Abstract
Summary
In this article, we introduce ABodyBuilder3, an improved and scalable antibody structure prediction model based on ABodyBuilder2. We achieve a new state-of-the-art accuracy in the modelling of CDR loops by leveraging language model embeddings, and show how predicted structures can be further improved through careful relaxation strategies. Finally, we incorporate a predicted Local Distance Difference Test into the model output to allow for a more accurate estimation of uncertainties.
Availability and implementation
The software package is available at https://github.com/Exscientia/ABodyBuilder3 with model weights and data at https://zenodo.org/records/11354577.
1 Introduction
Immunoglobulin proteins play a key role in the active immune system, and have emerged as an important class of therapeutics (Lu et al. 2020). They are constructed from two heavy and two light chains, separated into distinct domains. The tip of each of the two antibody binding arms is defined as the variable region, and contains six complementarity-determining regions (CDRs) across the heavy and light chains which make up most of the antigen-binding site. As part of an immune response, B cells undergo clonal expansion, which, coupled with somatic hypermutations and recombinations, leads to an accumulation of mutations in the DNA encoding the CDR loops. The remaining domains compose the constant region and are primarily involved in effector function.

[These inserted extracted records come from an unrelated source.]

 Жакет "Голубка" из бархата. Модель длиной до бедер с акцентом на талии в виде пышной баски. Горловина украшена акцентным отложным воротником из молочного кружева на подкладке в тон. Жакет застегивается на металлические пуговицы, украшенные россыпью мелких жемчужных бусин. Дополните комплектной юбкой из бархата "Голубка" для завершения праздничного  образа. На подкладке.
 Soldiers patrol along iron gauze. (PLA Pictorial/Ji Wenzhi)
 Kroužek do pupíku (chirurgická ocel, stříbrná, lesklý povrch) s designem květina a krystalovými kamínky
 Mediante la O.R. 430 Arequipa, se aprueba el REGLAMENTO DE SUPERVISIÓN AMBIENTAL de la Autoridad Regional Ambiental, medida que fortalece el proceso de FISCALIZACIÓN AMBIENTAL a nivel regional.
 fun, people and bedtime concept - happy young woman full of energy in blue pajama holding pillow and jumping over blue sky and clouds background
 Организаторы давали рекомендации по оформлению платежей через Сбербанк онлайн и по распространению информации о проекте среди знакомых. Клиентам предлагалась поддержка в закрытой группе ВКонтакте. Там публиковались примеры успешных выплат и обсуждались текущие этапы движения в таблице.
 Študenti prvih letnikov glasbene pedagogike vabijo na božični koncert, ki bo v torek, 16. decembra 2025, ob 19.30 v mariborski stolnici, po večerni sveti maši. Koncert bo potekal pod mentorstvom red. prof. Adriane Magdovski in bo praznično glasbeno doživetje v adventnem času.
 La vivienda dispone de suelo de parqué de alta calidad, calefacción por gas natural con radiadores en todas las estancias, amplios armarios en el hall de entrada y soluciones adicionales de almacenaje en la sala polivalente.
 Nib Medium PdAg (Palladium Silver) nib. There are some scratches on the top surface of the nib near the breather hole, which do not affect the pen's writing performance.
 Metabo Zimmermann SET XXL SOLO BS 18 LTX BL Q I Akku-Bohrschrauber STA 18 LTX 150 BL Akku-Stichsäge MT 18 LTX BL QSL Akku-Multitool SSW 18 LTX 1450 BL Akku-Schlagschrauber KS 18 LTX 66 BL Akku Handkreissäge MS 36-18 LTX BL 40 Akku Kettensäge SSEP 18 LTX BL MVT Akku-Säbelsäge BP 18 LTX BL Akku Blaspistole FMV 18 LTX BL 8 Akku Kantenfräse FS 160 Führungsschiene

Understanding the 3D structure of antibodies is critical to assessing their properties (Chungyoun and Gray 2023) and developability (Raybould et al. 2019, 2024). The framework regions connecting the CDR loops are relatively conserved and thus easily predicted from sequence similarity. Similarly, five of the CDR loops tend to cluster along canonical forms (Adolf-Bryfogle et al. 2014, Wong et al. 2019) and are thus relatively straightforward to model. The third loop of the heavy chain (CDRH3), for which the coding sequence is created during the recombination of the V, D, and J gene segments (Roth 2014), is however more challenging due to its much larger sequence and length diversity. As the CDRH3 loop often drives antigen recognition, e.g. (Narciso et al. 2011, Tsuchiya and Mizuguchi 2016), improving the accuracy with which its structure can be predicted from sequence is a key component to advancing rational antibody design.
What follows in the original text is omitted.